# April Fools Delight with Decisions. Alba Adventures - Season 4 Episode 6 - Pico, VT



## SkiRay (May 15, 2017)

Our latest in our webisode (finally) - An April Fool's delight and decisions to be made. We appreciate your viewership and if you like - please, please give us a thumbs up on YouTube and a Like on FACEBOOK.  






It's not a typical weekday morning,
Bringing the kids to school and then heading crosstown,
Anxious, I venture in and out of day dreaming to calm my mind.

Arriving late last Friday night,
Unable to drive up our driveway,
We hike.
The labor of last night's past is soon forgotten,
We head to the mountain 
And are greeted with April Fool's Delight.

While fresh powder has its joys,
I must adapt to the conditions.
Slowly my legs settle into Mother Nature's Surprises.

With our destination fast approaching, 
I worry about the decision I will have to make today,
To have surgery or not.

With irresistible powder it was hard to say no.

Soon I will be face to face with my doctor.
Do I tell him I was skiing,
When I was not supposed to?
Should I have waited?
Did I do the wrong thing?

Am I cheating fate?
Or are these incredible conditions telling me to persevere?
Certainly there are others that have had harder challenges to overcome.

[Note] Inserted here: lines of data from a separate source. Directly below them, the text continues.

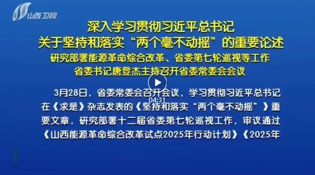 山西日報報道 3月28日,省委常委會召開會議,學習貫徹習近平總書記在《求是》雜志發表的《堅持和落實“兩個毫不動搖”》重要文章,研究部署十二屆省委第七輪巡視工作,審議通過《山西能源革命綜合改革試點2025年行動計劃》《2025年省委黨內法規制定計劃》。省委書記唐登杰主持會議。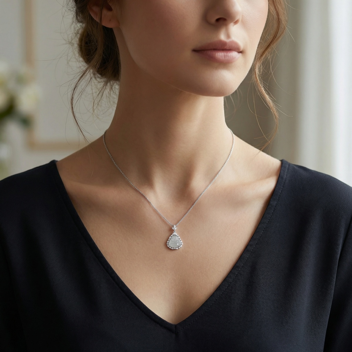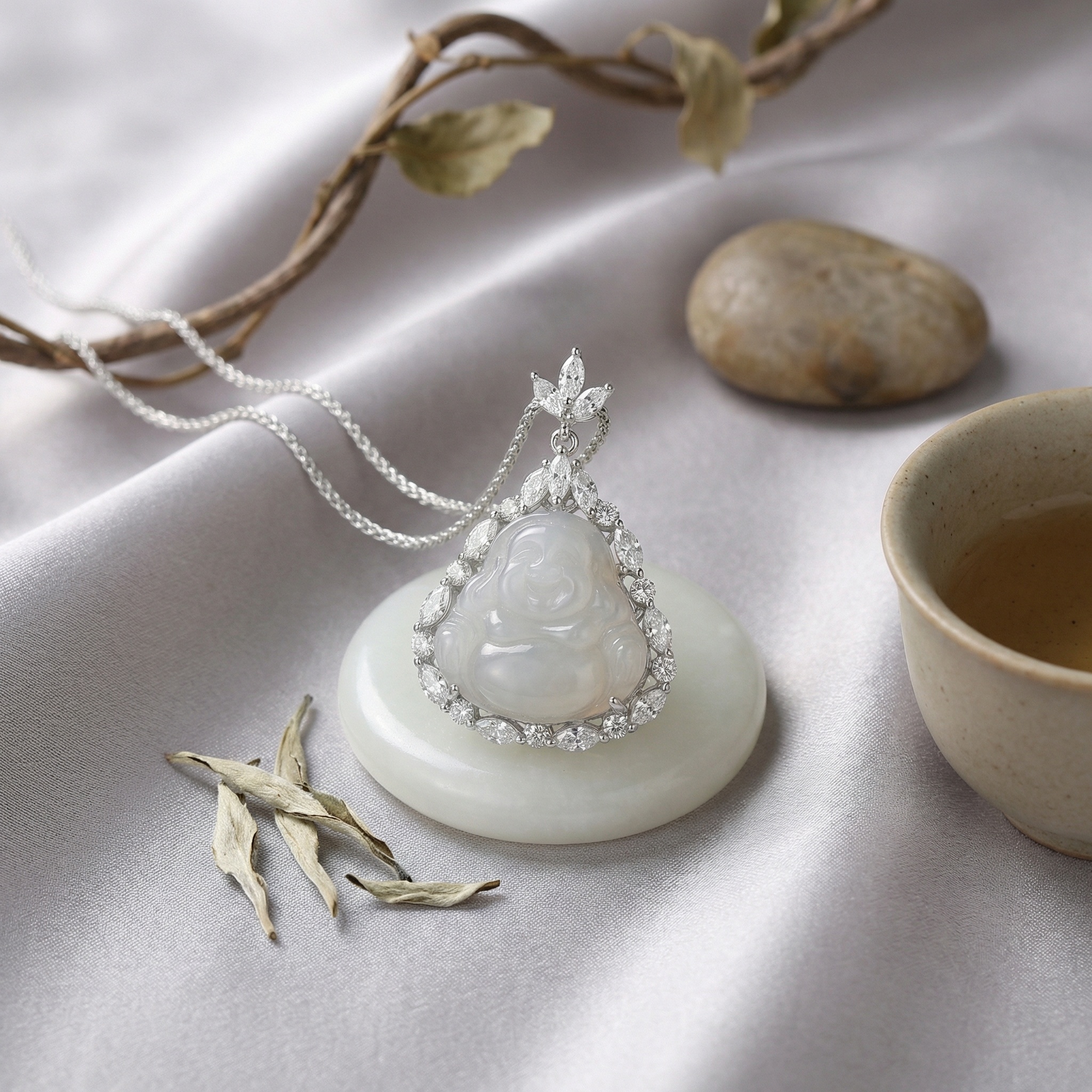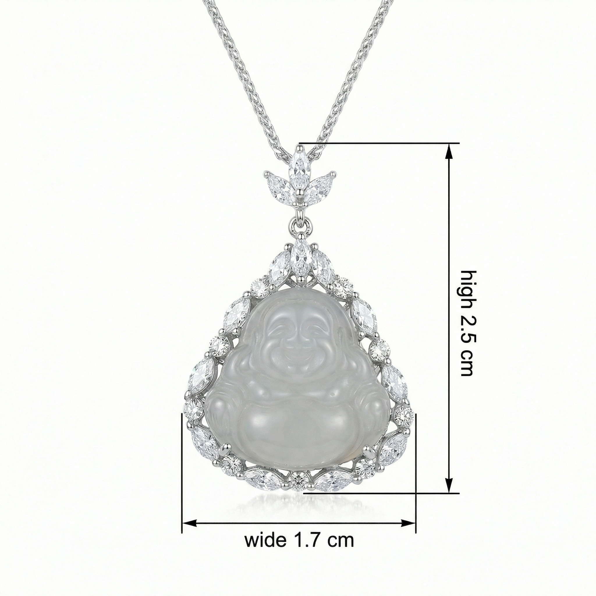 This exquisite necklace features a beautifully hand-carved Laughing Buddha pendant, crafted from high-quality, translucent white jadeite. Symbolizing happiness, prosperity, and good fortune, the serene Buddha is encased in a shimmering halo of marquise and round-cut gemstones, creating a radiant pear-shaped frame. The intricate setting is complemented by a delicate floral-inspired bail, suspended from a fine sterling silver chain. With its blend of spiritual significance and modern elegance, this piece serves as both a powerful talisman and a sophisticated accessory. Whether worn for its cultural meaning or its timeless beauty, this pendant necklace makes a thoughtful gift for someone special or a stunning addition to any jewelry collection. The brilliant contrast between the soft white jade and the sparkling accents ensures it captures the light from every angle. | Brand: jewelryodm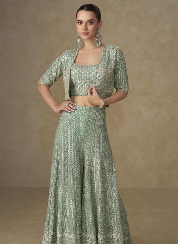 Vegaa Fashion Mint Green Georgette Embroidered & Hand Work Jacket Style Co-Ord Set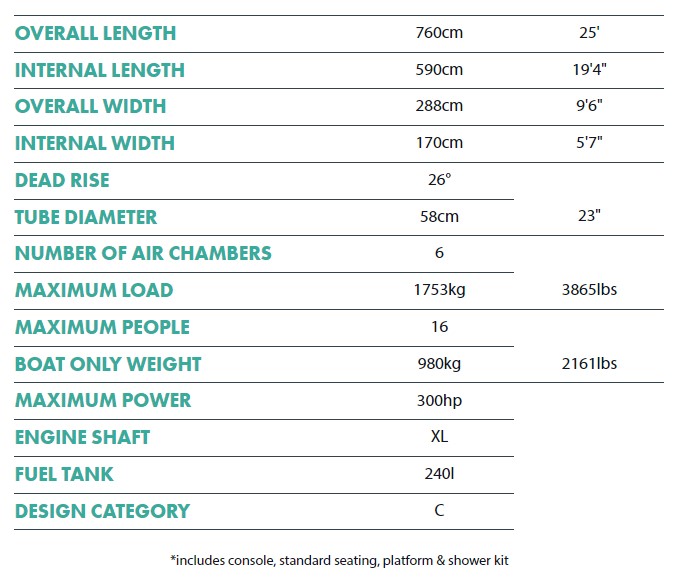 Les angles d'inclinaison de la coque allant de 20 degrés sur les 3 mètres jusqu'à 26 degrés sur les 600 et plus vous donneront l'assurance dans les conditions les plus difficiles, mais les ajouts tels que le teck EVA partout, les réservoirs de carburant intégrés, la superbe sellerie et le bain cousus en diamant les plateformes sur nos plus grands modèles vous permettront de profiter au maximum de chaque journée.

My decision to ski without surgery,
Has been hard.
And I  am most motivated by the person who bestows….INSPIRATION.


----------



## Edd (May 15, 2017)

I thumbs upped it!  Nicely done!  That was quite a departure from the others I've seen. The kid with the cape alone was worth the watch.


----------



## dlague (May 15, 2017)

Well, this videos made me think!  It is refreshing to watch a video like this where it isn't about zipper lines, cliff jumps or tight trees.  There is always so much talk about how boring skiing or snowboarding is on groomers and more open glades but this video shows you all having fun and I applaud you for that.  I am not a bumps all day or a trees all day skier (it is part of the day), in fact, it is nice to hit some nice open terrain.  We like to mix it up.  Sounds like your family has fun no matter what you ski!

I hope what ever the issue (assume knee) heals or can be coped with!   I have had knee surgery and with diligent work outs you will be back by the next season!  Best of luck!


----------



## SkiRay (May 15, 2017)

Edd said:


> I thumbs upped it!  Nicely done!  That was quite a departure from the others I've seen. The kid with the cape alone was worth the watch.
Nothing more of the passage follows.